Steven Byrnes comments on Alignment allows “nonrobust” decision-influences and doesn’t require robust grading

Steven Byrnes 30 Nov 2022 18:07 UTC
LW: 7 AF: 4
−1
AF
I mostly just want to repeat my comment on your last post.
I think your opposition to graders is really opposition to simple graders, that are never updated, that can’t account for non-consequentialist aspects of plans (e.g. “sketchiness”), and that are facing an extremely large search space of possibilities including out-of-the-box ones. And I think your value-vs-evaluation distinction is kinda different from graders-vs-non-graders.
So…
- For “nonrobust decision-influences can be OK”—I don’t think that’s a unique feature of not-having-a-grader. If there is a grader, but the grader is of the form “Here are a billion patterns with corresponding grades, try to pattern-match your plan to all billion of those patterns and do a weighted average”, then probably you can throw out a few of those billion patterns and the grader will still work the same.

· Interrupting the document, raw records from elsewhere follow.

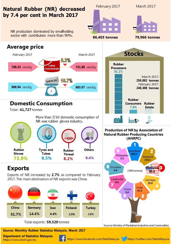 Production of NR in March 2017 decreased by 7.4 per cent to 79,966 tonnes as compared to previous month. The main contributor of NR production is from smallholding sector which is more than 90 per cent.
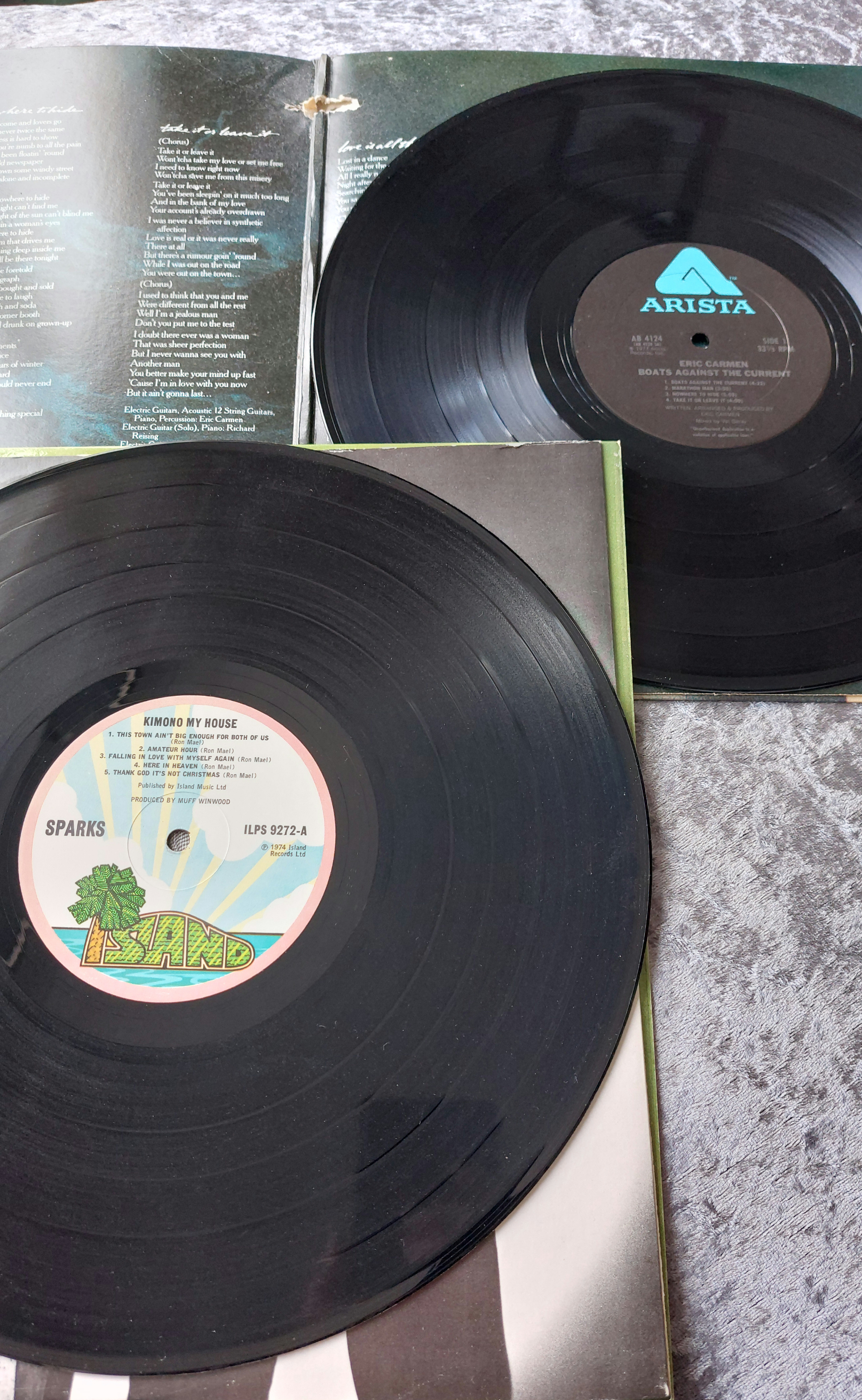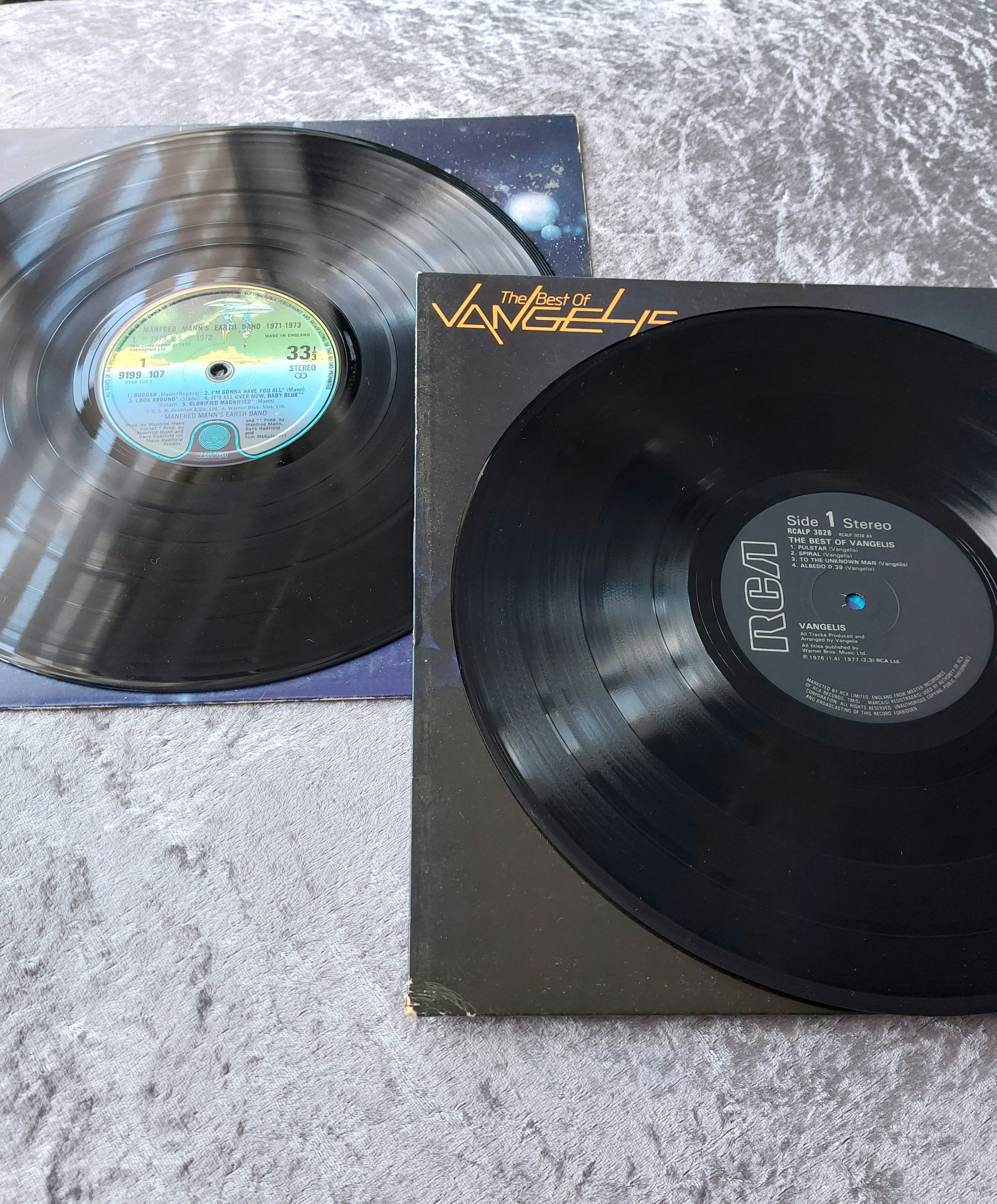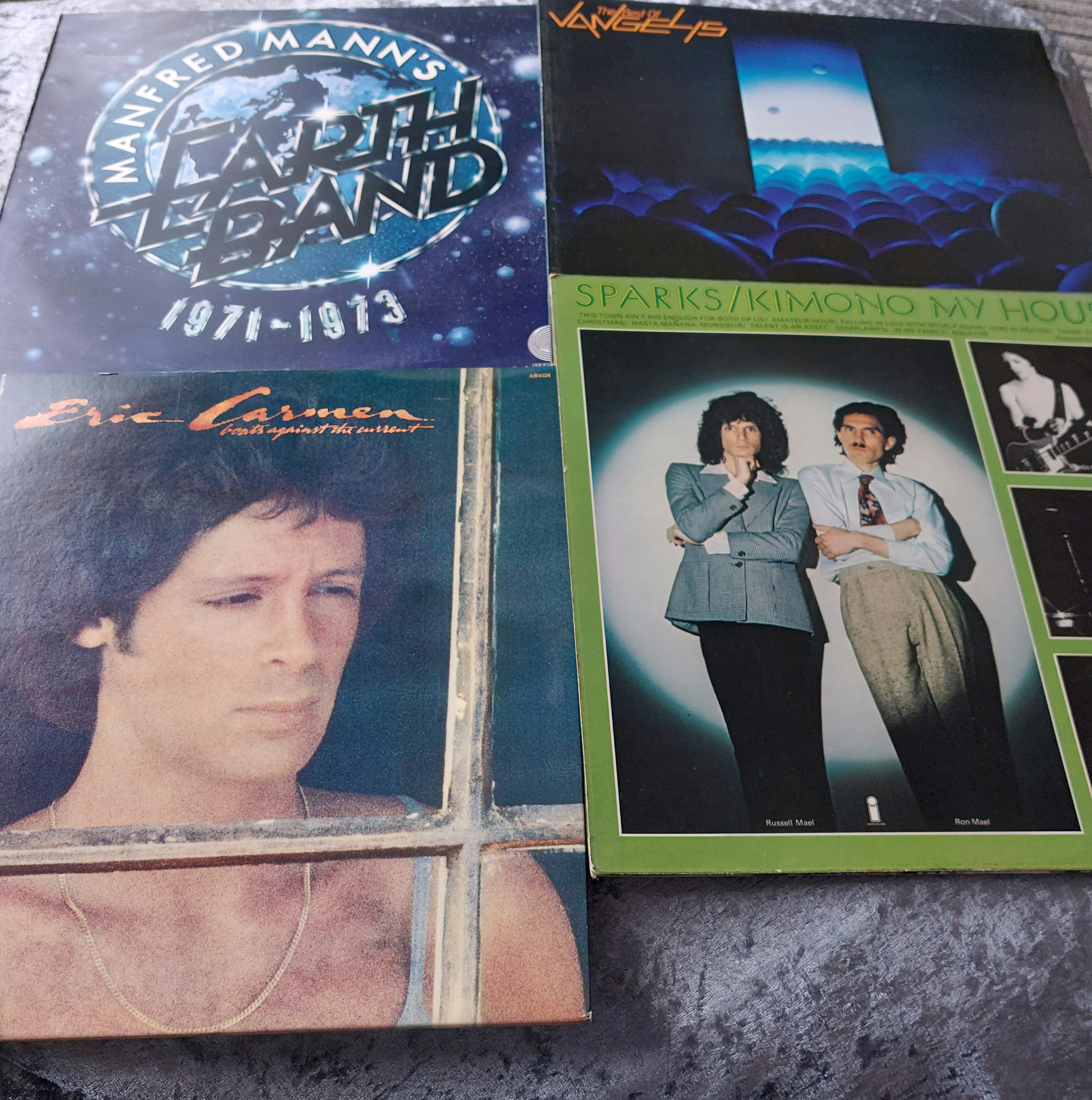 This lot comprises four vinyl LP records. Included are “Manfred Mann’s Earth Band 1971-1973,” “Eric Carmen,” “The Best of Vangelis,” and “Sparks/Kimono My House.” Three of the albums have gatefold sleeves. The records and sleeves show varying degrees of wear.
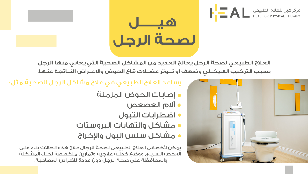 العلاج الطبيعي لصحة الرجل يعالج العديد من المشاكل الصحية التي يعاني منها الرجل بسبب التركيب الهيكلي وضعف او توتر عضلات قاع الحوض والاعراض الناتجة عنها.
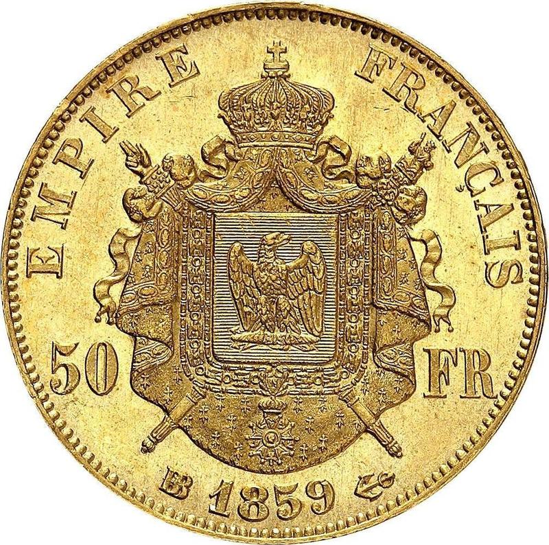 Find out the current coin value of the French 50 Francs 1859 with mark BB. This gold coin from the times of Napoleon III struck at the Strasbourg Mint. Wondering how much a coin like this is worth? The record price belongs to the lot 31332 sold at the Heritage Auctions auction for USD 6,600. Bidding took place November 1, 2024.
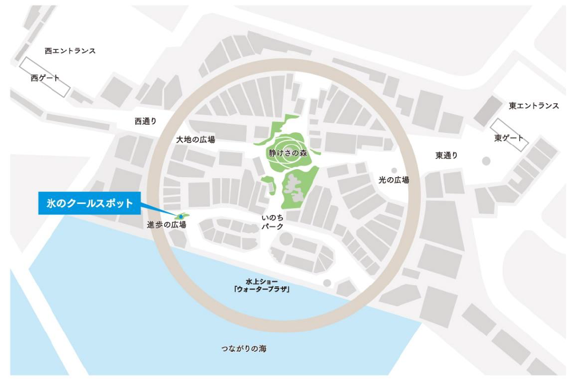 氷のクールスポットは、万博会場の南西部に位置する「進歩の広場」に設置します。万博会期中はいつでも利用が可能です。
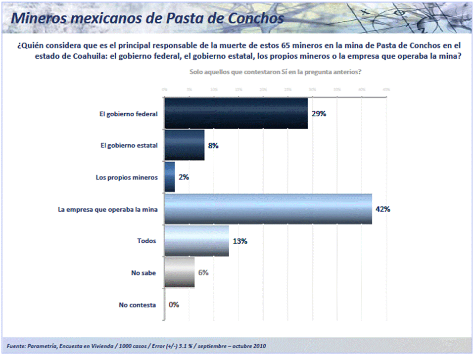 Para el caso mexicano, en el que las operaciones de rescate fueron suspendidas, la responsabilidad de la muerte de los mineros se achaca principalmente a la empresa minera (42%). Tres de cada diez mexicanos, el 29%, considera que la tragedia es responsabilidad del gobierno federal, 8% cree que es del gobierno estatal y apenas el 2% le adjudica la culpa a los mineros. En tanto que el 13% dice que la muerte de los trabajadores fue responsabilidad de todos los involucrados.
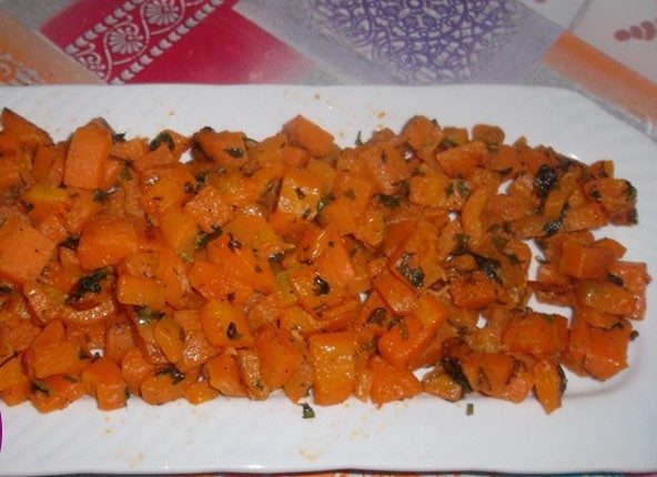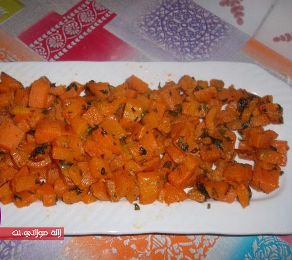 ناخد مقلاة ندير فيها زيت+ثوم محكوك+ملح+تحميرة+كمون+معدنوس مقطع رقيق ونقلي كلشي شوية ثم نضيف خيزو ونخلط مزين حتى يتقلى ونقدمو مع الحامض مصير

- For “values steer optimization; they are not optimized against”—I think you’re comparing apples and oranges. Let’s say I’m a human. I want “diamonds (as understood by me)”. So I attempt to program an AGI to want “diamonds (as understood by me)”.
  - In the framework you advocate, the AGI winds up “directly” “valuing” “diamonds (as understood by the AGI)”. And this can go wrong because “diamonds (as understood by me)” may differ from “diamonds (as understood by the AGI)”. If that’s what happens, then from my perspective, the AGI “was looking for, and found, an edge-case exploit”. From the AGI’s own perspective, all it was doing was “finding an awesome out-of-the-box way to make lots of diamonds”.
  - Whereas in the grader-optimizer framework, I delegate to a grader, and the AGI does the things that increase “diamonds (as understood by the grader)”. And this can go wrong because “diamonds (as understood by me)” may differ from “diamonds (as understood by the grader)”. From my perspective, the AGI is again “looking for edge-case exploits”.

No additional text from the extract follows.